The reforms, combined with unprecedented amounts of foreign loans, spurred rapid economic growth; but this growth was punctuated by sharp recessions and financial crises in 1994, 1999 (following the earthquake of that year), and 2001; resulting in an average of 4% GDP growth per annum between 1981 and 2003. Lack of additional fiscal reforms, combined with large and growing public sector deficits and widespread corruption, resulted in high inflation, a weak banking sector and increased macroeconomic volatility. Since the economic crisis of 2001 and the reforms initiated by the finance minister of the time, Kemal Derviş, inflation has fallen to single-digit numbers, investor confidence and foreign investment have soared, and unemployment has fallen.
Turkey has gradually opened up its markets through economic reforms by reducing government controls on foreign trade and investment and the privatisation of publicly owned industries, and the liberalisation of many sectors to private and foreign participation has continued amid political debate. The public debt to GDP ratio, while well below its levels during the recession of 2001, reached 46% in 2010 Q3. The GDP growth rate from 2002 to 2007 averaged 7%, which made Turkey one of the fastest growing economies in the world during that period. However, growth slowed to 1% in 2008, and in 2009 the Turkish economy was affected by the global financial crisis, with a recession of 5%. The economy was estimated to have returned to 8% growth in 2010.

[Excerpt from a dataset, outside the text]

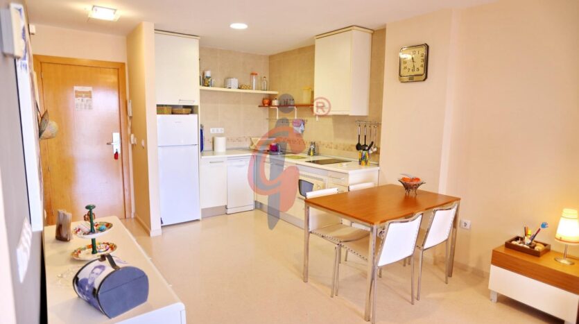 Este apartamento en esquina con orientación oeste y espectaculares vistas, está ubicado en una sexta planta con ascensor de un aparthotel a 2500m de la playa y a unos 250 m del supermercado Masymas, también queda muy cerquita el puerto deportivo de Guardamar.

In the early years of this century the chronically high inflation was brought under control and this led to the launch of a new currency, theTurkish new lira, on 1 January 2005, to cement the acquisition of the economic reforms and erase the vestiges of an unstable economy. On 1 January 2009, the new Turkish lira was renamed once again as theTurkish lira, with the introduction of new banknotes and coins. As a result of continuing economic reforms, inflation dropped to 8% in 2005, and the unemployment rate to 10%.
One of the fastest growing airline companies in the world, Turkish Airlineswon Europe's Best Airline and Southern Europe's Best Airline awards.
Turkey's economy is becoming more dependent on industry in major cities, mostly concentrated in the western provinces of the country, and less on agriculture. However, traditional agriculture is still a major pillar of the Turkish economy. In 2010, the agricultural sector accounted for 9% of GDP, while the industrial sector accounted for 26% and the services sector 65%.However, agriculture still accounted for 24.7% of employment. In 2004, it was estimated that 46% of total disposable income was received by the top of 20% income earners, while the lowest 20% received 6%.According to Eurostat data, Turkish PPS GDP per capita stood at 49% of the EU average in 2010.
Turkish brands like Beko and Vestel are among the largest producers ofconsumer electronics and home appliances in Europe.
Turkey has taken advantage of the European Union – Turkey Customs Union, signed in 1995, to increase its industrial production destined for exports, while at the same time benefiting from EU-origin foreign investment into the country. Turkey now has also opportunity of a free trade agreement with the European Union (EU) – without full membership – that allows it to manufacture for tarif-free sale throughout the EU market.
By 2009 exports were $110 bn and in 2010 it was $117 bn (main export partners in 2009: Germany 10%, France 6%, UK 6%, Italy 6%, Iraq 5%). However larger imports, which amounted to $166 billion in 2010, threatened the balance of trade (main import partners in 2009: Russia 14%, Germany 10%, China 9%, US 6%, Italy 5%, France 5%).
After years of low levels of foreign direct investment (FDI), Turkey succeeded in attracting $22 billion in FDI in 2007 and is expected to attract a higher figure in following years. A series of large privatisations, the stability fostered by the start of Turkey's EU accession negotiations, strong and stable growth, and structural changes in the banking, retail, and telecommunications sectors have all contributed to a rise in foreign investment.

Turkish Economy



Turkey’s economy recorded impressive 8.8% growth in the second quarter (in 2010), following revised first quarter growth of 11.6%. Turkey’s GDP performed well, despite in the Euro zone and US, thanks to domestic demand and private sector investment spending, and also on the production side, due to respective construction and wholesale & retail investment increases as well financial intermediaries.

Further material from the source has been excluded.